Dinora Bondar, Vanessa,
Melanie Martinez
Für ihre gemeinsame Darbietung haben Michael Ramos und Melanie
Martinez ein sehr selten zu erlebendes Genre gewählt, das wir
bisher von chinesischen Artistinnen kannten. Ähnlich wie bei
einer Kostümillusion werden hier hauchdünne, verschiedenfarbige
Masken vor den Gesichtern in Sekundenschnelle gewechselt, nur
durch einen Fächer-Schlag verborgen. Die
Kostüme entführen uns dabei nach Fernost. Pepito musiziert in
seinem letzten Auftritt auf der Trompete ("Oh when the Saints“)

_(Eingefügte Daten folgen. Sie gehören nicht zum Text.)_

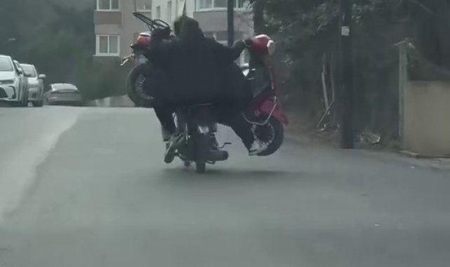 Şile'de motosikletle seyir halinde olan 2 kişi, bindikleri motosikletin üzerine başka bir motosiklet yükleyerek yolculuk yaptı. Kask takmadığı görülen şahısların tehlikeli yolcukları seyir halinde olan başka bir araç sürücüsünün kamerasına yansıdı. Videoyu çeken vatandaşlar gördükleri manzara karşısında kahkahalarını tutamadı.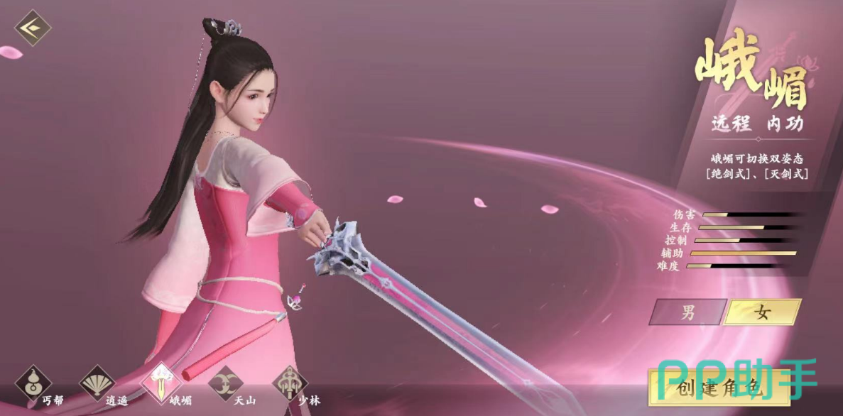 接下来说下峨眉,这是个辅助职业,特点就是治疗队友。她们的攻击手段也以远程攻击为主。值得一说的是,她们的保命能力很强,在面对必死攻击时可以豁免这次攻击,避免自己受到伤害。另外,有很多玩家都喜欢玩这个职业,原因就是可以为队友恢复血量。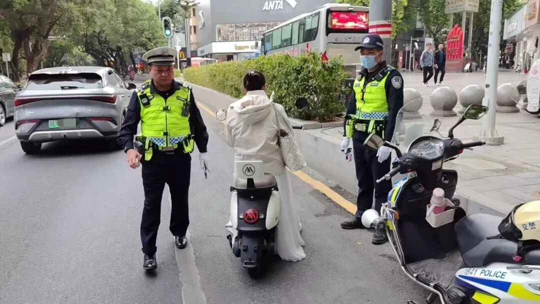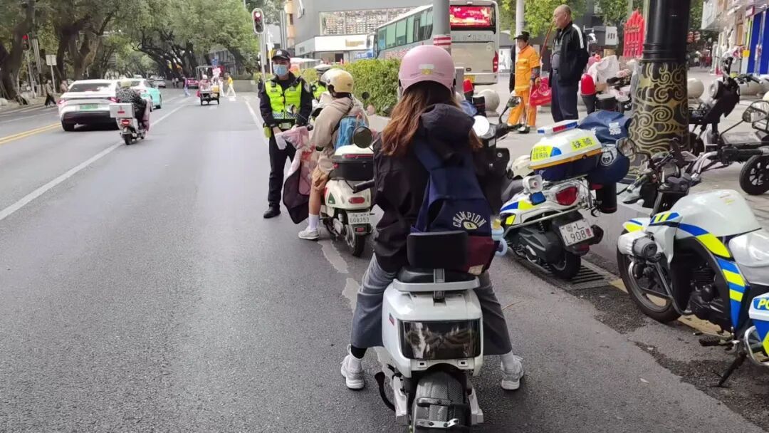 执勤民警对过往摩托车、电动自行车进行严格检查,重点查处无牌无证、不佩戴安全头盔、违规载人、闯红灯、逆行等违法行为。对存在交通轻微违法的“摩电”驾乘人员,民警坚持以“教育为主,处罚为辅”的执法理念,通过播放典型事故案例、派发宣传单张等方式,开展面对面宣传教育。

und bezieht dabei das Publikum ein. Dinora Bondar, ehemalige
Sportgymnastin des portugiesischen Nationalteams, darf noch eine
weitere Facette ihres Könnens unter Beweis stellen, wenn sie die
Hula-Hoop-Reifen in einer tänzerisch geprägten Choreographie um
Arme, Körper und Beine kreisen lässt. Die Schlussnummer gehört
Vanessa mit ihren Zopfhängen, die sich durch viele Rotationen,
Flüge und Tempowechsel auszeichnen. Zum Abschluss wechselt sie
in den Zahnhang, dabei Metallkegel in den Händen
haltend, aus denen oben Flammen lodern.